Dialogue affirms trade balance the goal: official
China and the U.S. have agreed to cooperate in cutting their trade deficit, officials from both countries said Wednesday at the conclusion of the first China-U.S. Comprehensive Economic Dialogue (CED), rendering skepticism by some foreign media outlets over the economic talks.
The two countries agreed to work constructively together to address the trade imbalance, Chinese Vice Finance Minister Zhu Guangyao said after the one-day economic dialogue in Washington, DC, the Xinhua News Agency reported.
"Both sides agreed that one of the ways to solve the trade imbalance is for the U.S. to expand its exports to China, instead of reducing them," Zhu said, adding that China is not deliberately seeking a trade surplus with the U.S. and is willing to achieve balanced trade.
U.S. Treasury Secretary Steven Mnuchin and U.S. Commerce Secretary Wilbur Ross also noted the bilateral consensus on the trade deficit.
"China acknowledged our shared objective to reduce the trade deficit which both sides will work cooperatively to achieve," they said in a statement, Reuters reported.
At a daily briefing on Thursday, Chinese foreign ministry spokesperson Lu Kang stated both sides agreed on constructive cooperation in narrowing the trade deficit.
The two countries discussed a wide range of issues, including trade and investment, the China-U.S. 100-day action plan, a one-year cooperation plan and global economic governance, and reached broad consensus, the spokesperson said.
Both countries believe this is an innovative, down-to-earth and constructive dialogue, Lu said.
The most significant achievement of the economic dialogue is its acknowledgement of the right direction for Sino-U.S. economic cooperation, and regards win-win cooperation as the underlying principle in developing bilateral trade ties, sets dialogue and negotiations as a basic solution to resolving disputes, and considers keeping key economic policy communication as the fundamental approach to dialogue and cooperation, he elaborated.
A Reuters report on Thursday claimed the two countries failed to "agree on major new steps to reduce the U.S. trade deficit with China," and went further by saying the failure casts doubts over "U.S. President Donald Trump's economic and security relations with Beijing."
"China and the U.S. have differences but the key is to reach a consensus in principle despite these differences.
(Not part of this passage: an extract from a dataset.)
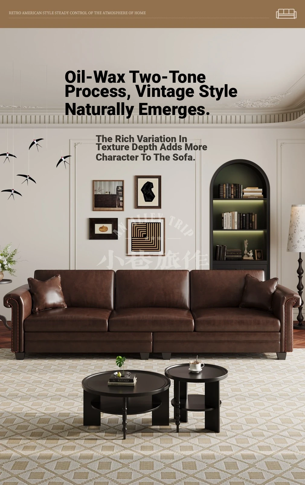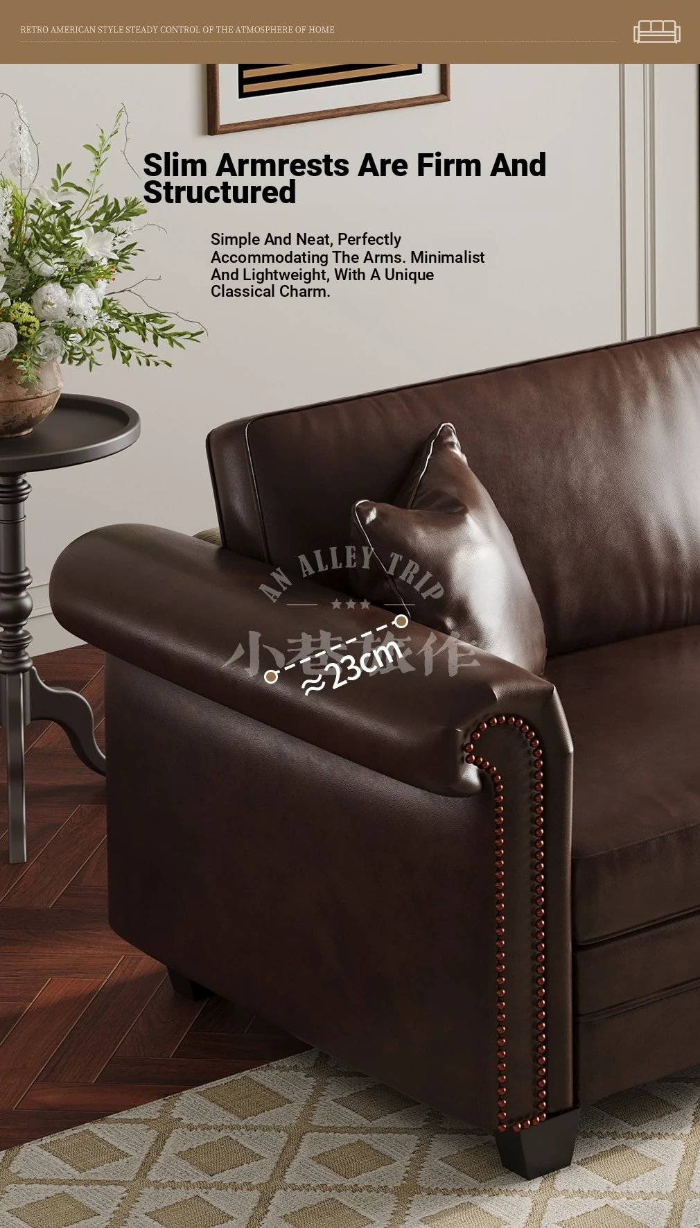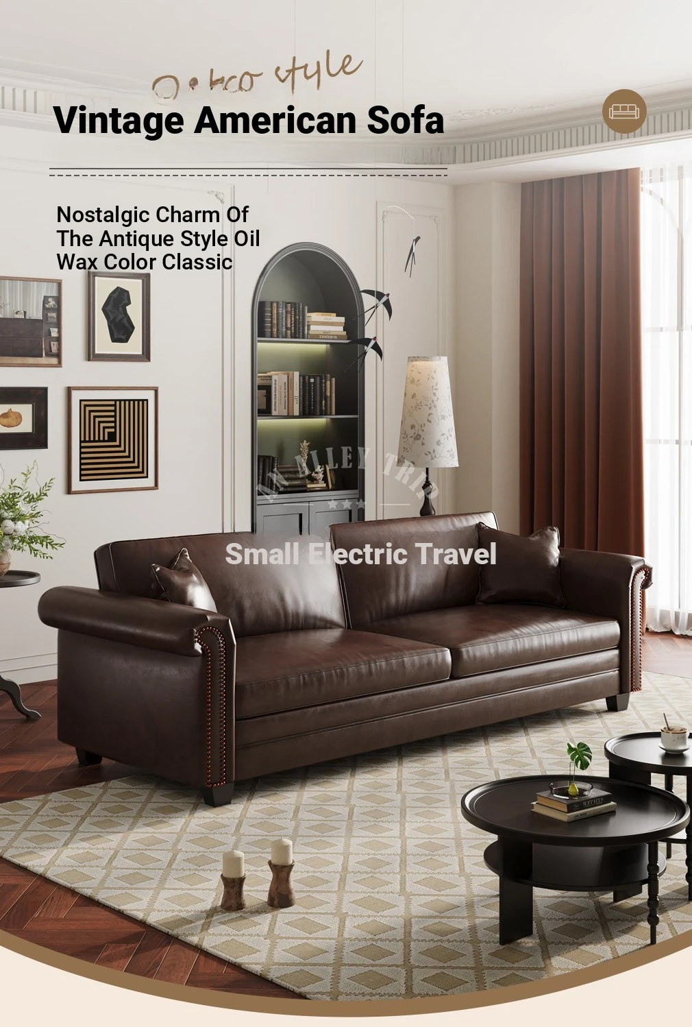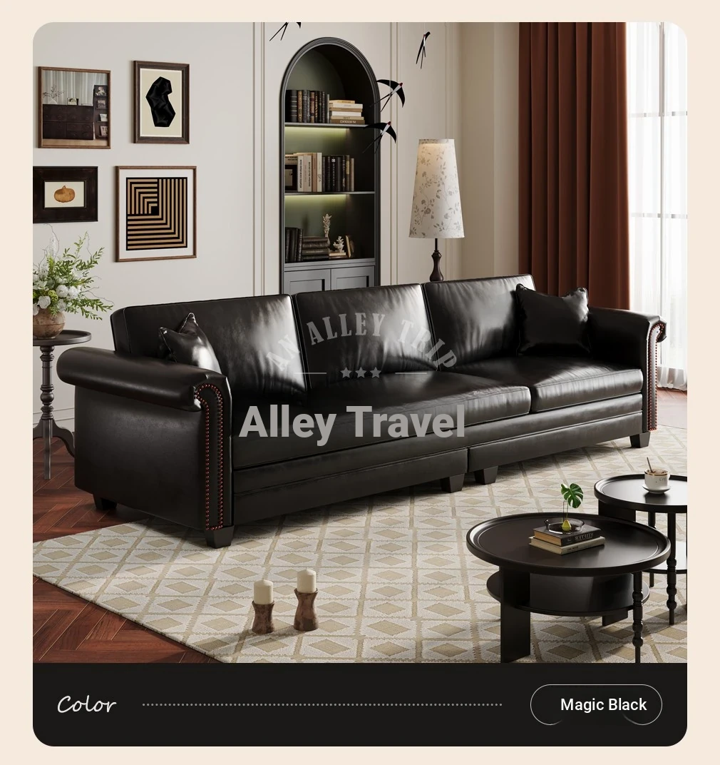 Vintage American Retro Waxed Leather Barton Sofa for Small Living Rooms - Mid-Century Style Brown Straight Sofa Perfect for Cozy Spaces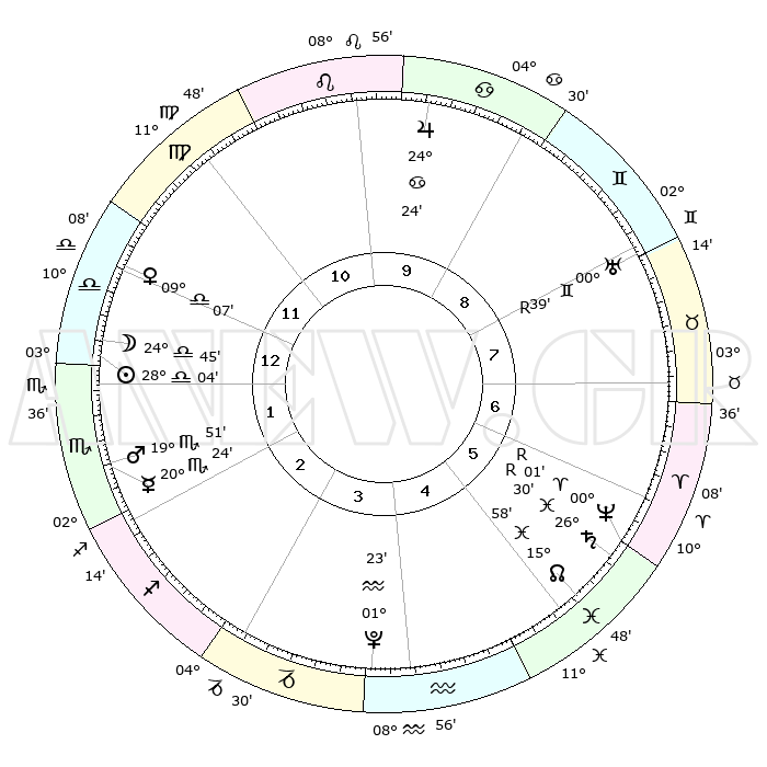 | ΘΕΣΕΙΣ ΠΛΑΝΗΤΩΝ ΑΣΤΡΟΛΟΓΙΚΟΥ ΧΑΡΤΗ ΤΗΣ ΣΤΙΓΜΗΣ ΑΥΤΗΣ | | Πλανήτης | Ζώδιο | Μοίρες | Δεκαήμ. | Σε οίκο | Απόκλιση | | Ακμές των οίκων | Ηλιος | Ζυγός | 27°48' | Τρίτο | 3 | 10 S 41 | | 1ος | 15°08' | Λέων | Σελήνη | Ζυγός | 21°33' | Τρίτο | 3 | 11 S 03 | | 2ος | 07°27' | Παρθένος | Ερμής | Σκορπιός | 20°03' | Τρίτο | 4 | 19 S 59 | | 3ος | 04°31' | Ζυγός | Αφροδίτη | Ζυγός | 08°47' | Πρώτο | 3 | 02 S 04 | | 4ος | 06°57' | Σκορπιός | Αρης | Σκορπιός | 19°40' | Δεύτερο | 4 | 17 S 55 | | 5ος | 12°12' | Τοξότης | Δίας | Καρκίνος | 24°23' | Τρίτο | 12 | 21 N 18 | | 6ος | 15°40' | Αιγόκερως | Κρόνος | Ιχθείς | 26°31'R | Τρίτο | 8 | 03 S 40 | | 7ος | 15°08' | Υδροχόος | Ουρανός | Δίδυμοι | 00°40'R | Πρώτο | 10 | 20 N 05 | | 8ος | 07°27' | Ιχθείς | Ποσειδώνας | Κριός | 00°02'R | Πρώτο | 8 | 01 S 15 | | 9ος | 04°31' | Κριός | Πλούτωνας | Υδροχόος | 01°23' | Πρώτο | 6 | 23 S 32 | | 10ος | 06°57' | Ταύρος | Β. Δεσμός | Ιχθείς | 15°59' | Δεύτερο | 8 | 05 S 32 | | 11ος | 12°12' | Δίδυμοι | Ωροσκόπος | Λέων | 15°08' | Δεύτερο | | | 12ος | 15°40' | Καρκίνος | Μεσουράνημα | Ταύρος | 06°57' | Πρώτο | | | |

This will lay a good foundation for both sides to resolve their conflicts and problems in the future," Li Yong, deputy secretary-general of the China Association of International Trade, told the Global Times.
"These consensuses mean increasing the size of the pie of common interests to allow both countries to benefit from economic and trade cooperation. In this sense, the dialogue was constructive and a success," Li said.